**Exercise brief**: With the pictures set aside, return the lines below exactly, beginning at the first and ending at the line containing "Zusätzlich zu dem".

**Material for this exercise**:
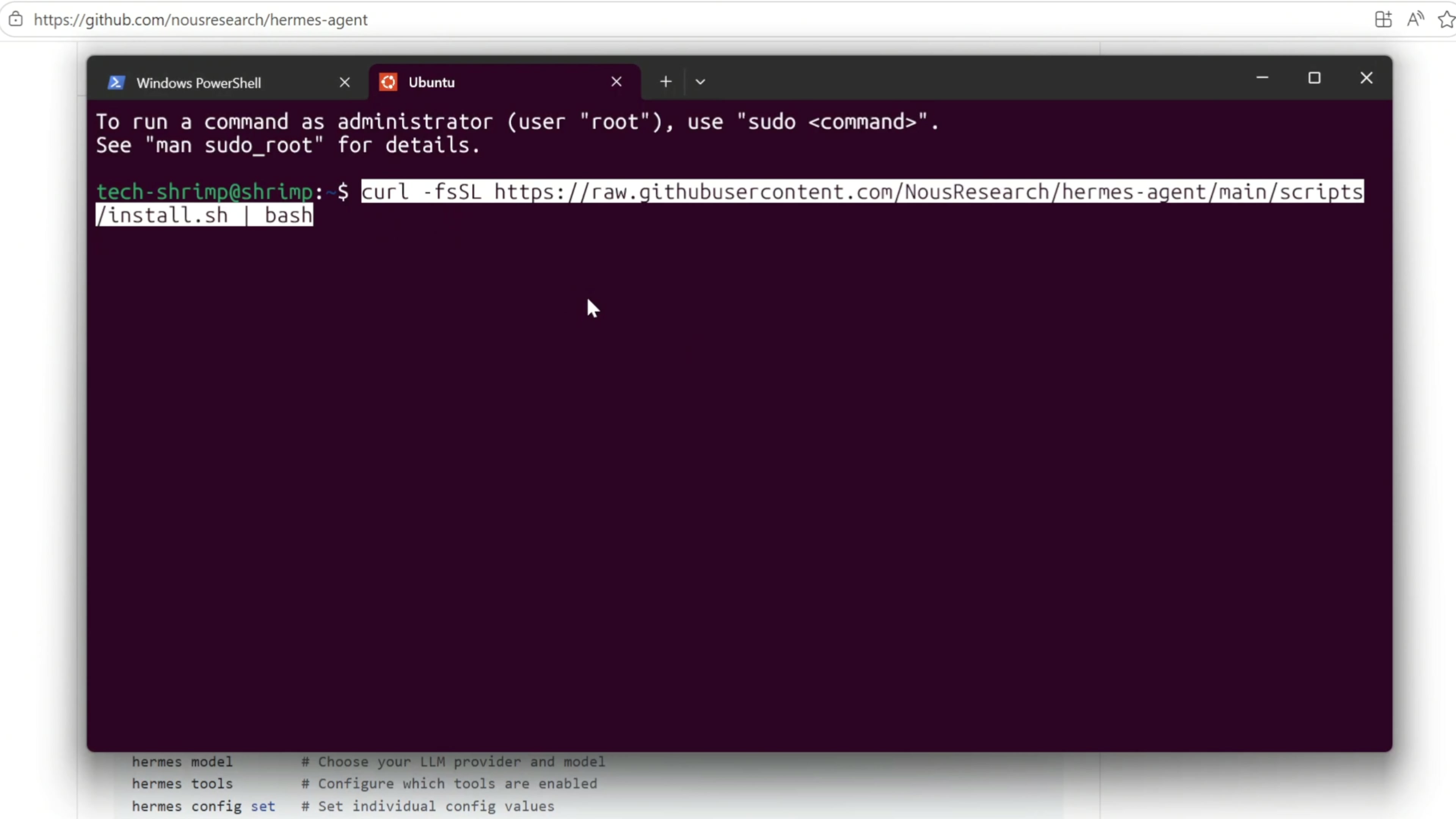 然后输入 ls 命令可以查看所有的笔记。有了 WSL 以后,我们就可以安装运行一些原本 Windows 上不支持的 AI 工具。比如这是最近很火的 Hermes Agent ,它在 Windows 上原本是不支持的,但是我们看到这里它支持 WSL 。我们只需要复制一下这个一键安装命令,来到 WSL 的窗口粘贴过来执行。
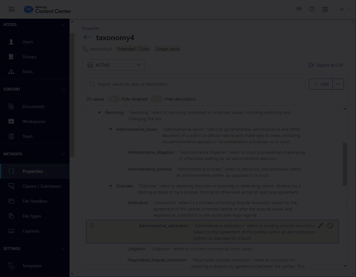 To change the order or hierarchy of values in a taxonomy property, refer to Reorganize taxonomy hierarchy.
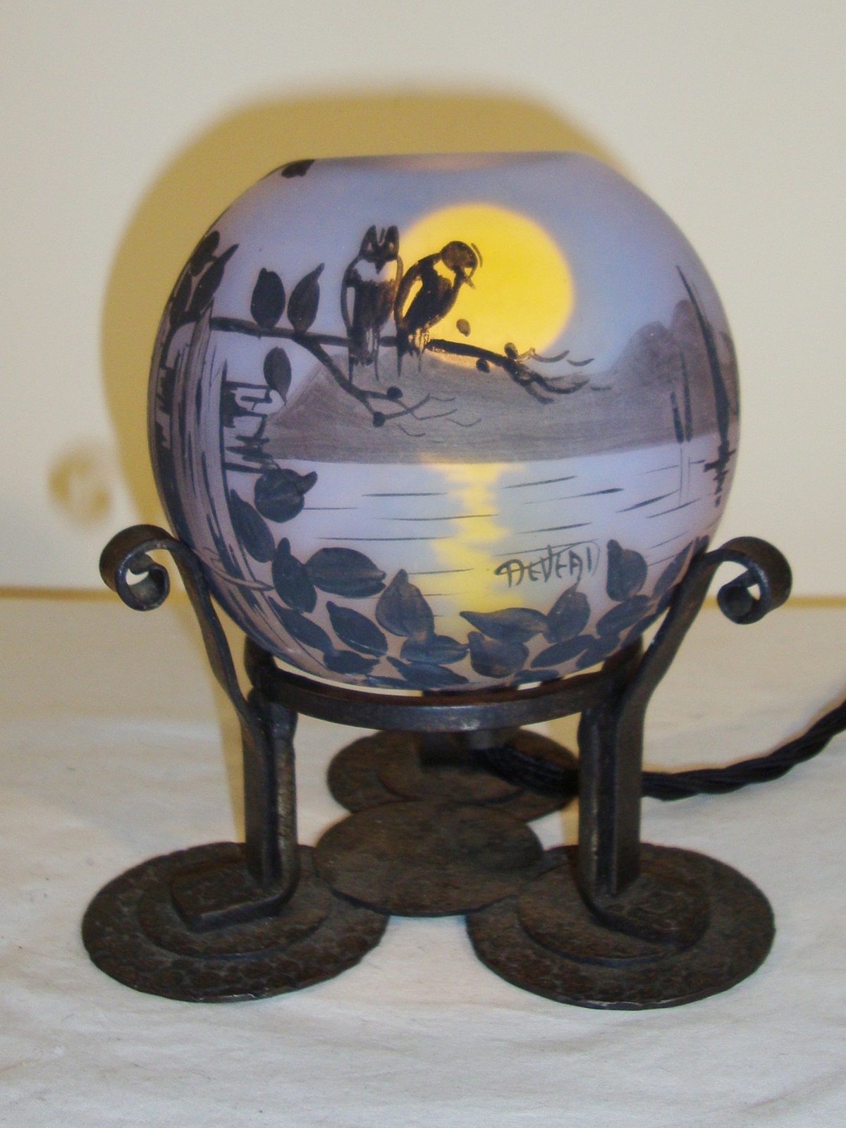 An attractive wrought iron and enamelled glass “parfumier” designed with a moonlit nocturnal scene of a lake with owls and signed “Deveau”. France c1925
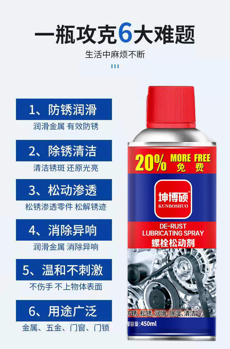 Rust Remover, Anti-Rust Lubricant, Car Screw and Bolt Loosening Agent, Door Lock Steel and Metal Rust Removal Lubricant
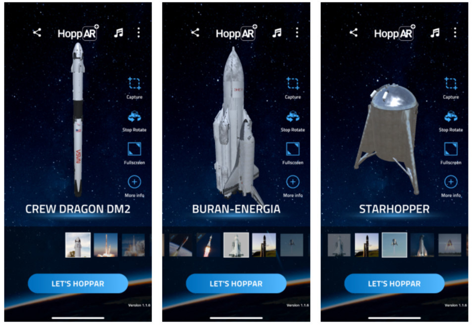 HoppAR присоединяется к ряду других приложений дополненной реальности, связанных с космосом, таких как Night Sky который помогает находить и отслеживать объекты в ночном небе. Существует также приложение Spacecraft AR , разработанное собственной Лабораторией реактивного движения НАСА. В Spacecraft AR вы можете просматривать не только ракеты, но и марсоходы, такие как Curiosity.
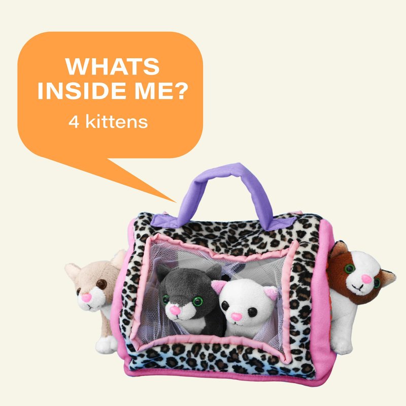 - PLUSH ANIMALS WITH CARRIER – Plush animals with carrier – This toy cat set is perfect for little cat and kitty lovers. Includes soft plush, leopard print carrier and 4 cute cats. Designed for babies aged 6 months +
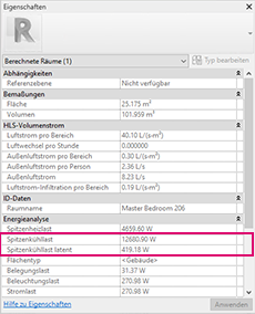 Zusätzlich zu dem Bericht, der nach einer Analyse generiert wird, werden der Spitzenbedarf für Heizung, Kühlung und Luftstrom ebenfalls als Eigenschaften für jeden berechneten Raum festgelegt. Das folgende Beispiel zeigt die gleiche Kühllast wie im obigen Berichtsabschnitt hervorgehoben.
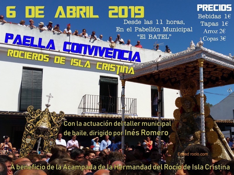El próximo SÁBADO 06 DE ABRIL, a partir de las 12,00 horas, en el Pabellón Municipal «EL BATEL», la Comisión de la Acampada de la Hermandad del Rocío de Isla Cristina organiza un ENCUENTRO, a beneficio de la misma, a la que están invitados, no sólo los rocieros, sino todos los isleños que deseen pasar un buen rato de Rocío.
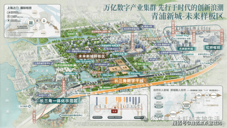 项目直线距离800米的17号线淀山湖大道站,坐落商业建面约43万㎡的青浦万达茂、东渡悦来城两大站前超级商业,再往东还有吾悦广场。
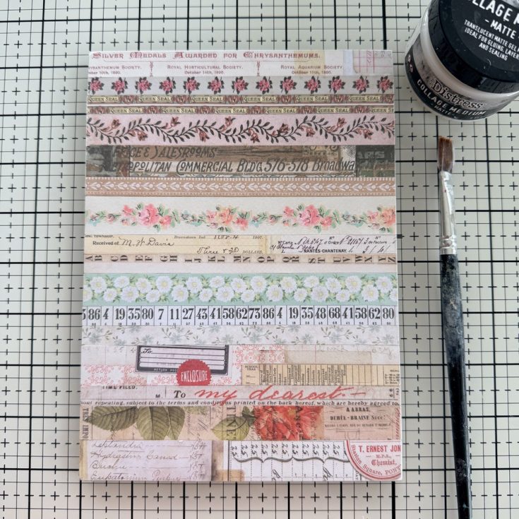 • Once the Etcetera Panel is covered with Paper Strips, add a thin coat of Collage Medium over the top. Again, Collage Medium dries quickly over paper so work quickly, then use your hand to rub the Collage Medium into the paper so you get a very thin coat over the top. Set aside to dry.

**Written reply**:
 然后输入 ls 命令可以查看所有的笔记。有了 WSL 以后,我们就可以安装运行一些原本 Windows 上不支持的 AI 工具。比如这是最近很火的 Hermes Agent ,它在 Windows 上原本是不支持的,但是我们看到这里它支持 WSL 。我们只需要复制一下这个一键安装命令,来到 WSL 的窗口粘贴过来执行。
 To change the order or hierarchy of values in a taxonomy property, refer to Reorganize taxonomy hierarchy.
 An attractive wrought iron and enamelled glass “parfumier” designed with a moonlit nocturnal scene of a lake with owls and signed “Deveau”. France c1925
 Rust Remover, Anti-Rust Lubricant, Car Screw and Bolt Loosening Agent, Door Lock Steel and Metal Rust Removal Lubricant
 HoppAR присоединяется к ряду других приложений дополненной реальности, связанных с космосом, таких как Night Sky который помогает находить и отслеживать объекты в ночном небе. Существует также приложение Spacecraft AR , разработанное собственной Лабораторией реактивного движения НАСА. В Spacecraft AR вы можете просматривать не только ракеты, но и марсоходы, такие как Curiosity.
 - PLUSH ANIMALS WITH CARRIER – Plush animals with carrier – This toy cat set is perfect for little cat and kitty lovers. Includes soft plush, leopard print carrier and 4 cute cats. Designed for babies aged 6 months +
 Zusätzlich zu dem Bericht, der nach einer Analyse generiert wird, werden der Spitzenbedarf für Heizung, Kühlung und Luftstrom ebenfalls als Eigenschaften für jeden berechneten Raum festgelegt. Das folgende Beispiel zeigt die gleiche Kühllast wie im obigen Berichtsabschnitt hervorgehoben.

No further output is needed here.